Travelguru, the online travel portal has signed a strategic agreement to acquire Desiya.com, a B2B hotel portal based in Gurgaon. The deal size is $25 million. Desiya.com is a New Jersey-based online travel company with offices in London, New Jersey, Gurgaon and Kolkata.
Speaking to Hindustan Times, Ashwin Damera, founder & CEO of Travelguru.com said, “Since Desiya operates in the B2B online travel and we operate in the B2C online travel space, this acquisition is complementary for us. It will make us leaders in the online hotel business space.”
Talking about financials, Damera said that Travelguru, which has been backed by VC firms like Battery Ventures and Sequoia Capital India would break even in August or September 2008. By 31 March 2008, it expects revenues of $45 million.
The company has seen two rounds of funding totaling to $25 million. Damera holds a founder’s equity share in the company as well.
Damera estimates that the Indian online travel market has a size of $500 million of which it claims a 10 per cent share. In the online travel space, various entities like Travelguru, Yatra, Indiatimes Travel, Cleartrip and Makemytrip operate. The online players are eating into the share of traditional travel agencies. The space is clearly maturing. Yatra is planning for an IPO sometime in the next financial year and Makemytrip.com has already received the third round of funding a few months back amounting to $15 million.
Expedia Inc., the world’s largest online travel agency with more than $17 billion in annual gross travel bookings also has plans to enter India through a subsidiary next year.
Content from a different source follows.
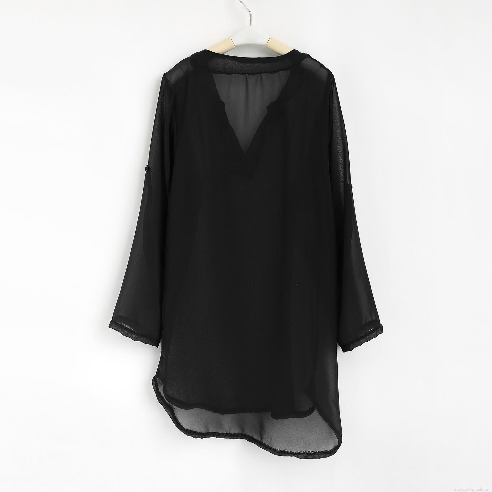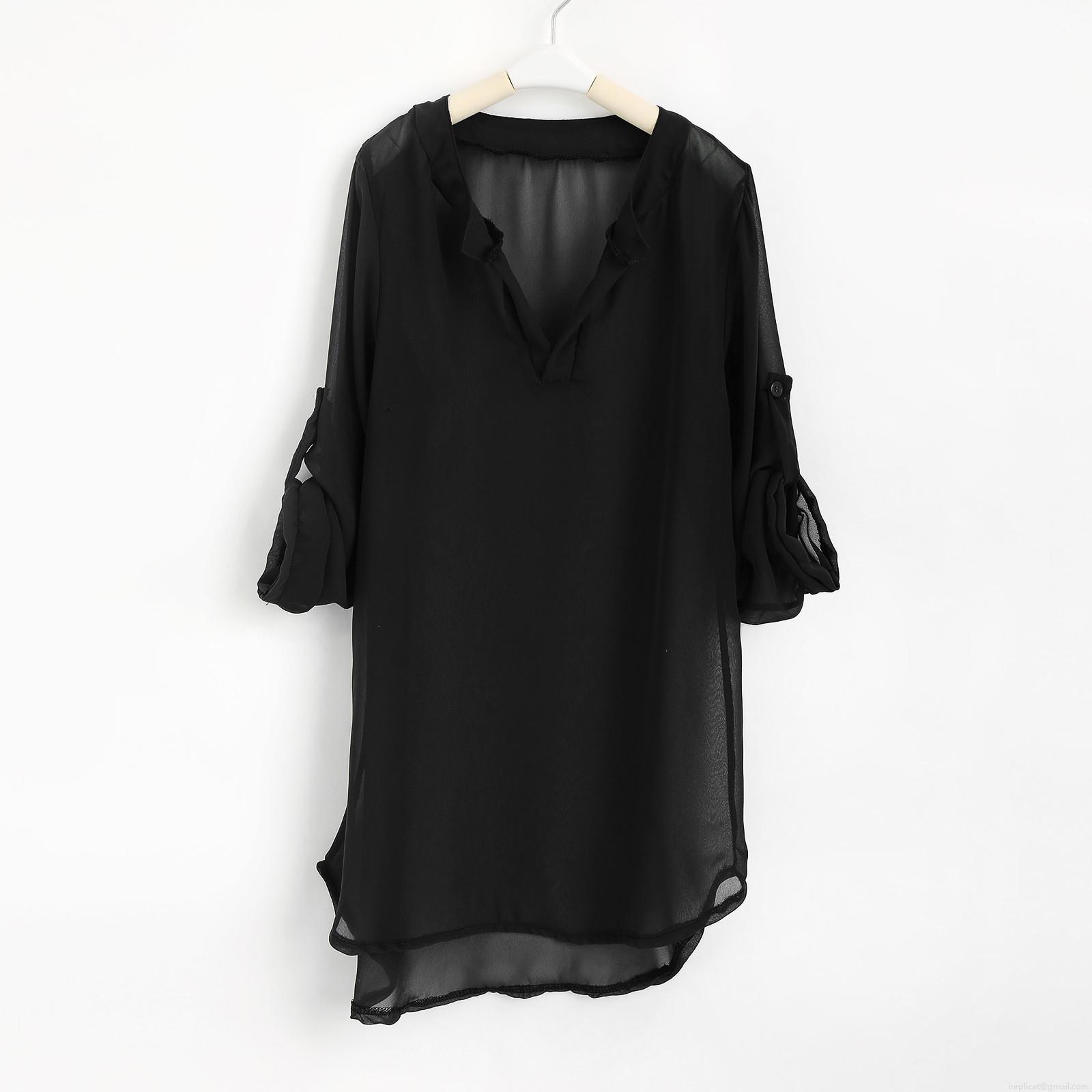 • Women's Deep V-Neck Chiffon Beach Cover Up Shirt Loose Solid Color Long Sleeve Swimsuit Smock Maternity Beachwear Blouse With Side Slit

PhocusWright, a company doing research on the online travel business predicts that the online leisure market will be worth over $2 billion in 2008, of which 25 percent will be transacted by online travel agencies - compared with only $300 million in 2005.
Between 2005 and 2006, eight online travel agencies start-ups or subsidiaries launched services in India.
Their share of the travel market is expected to more than triple from 7 per cent in 2006 to 25 per cent by 2008.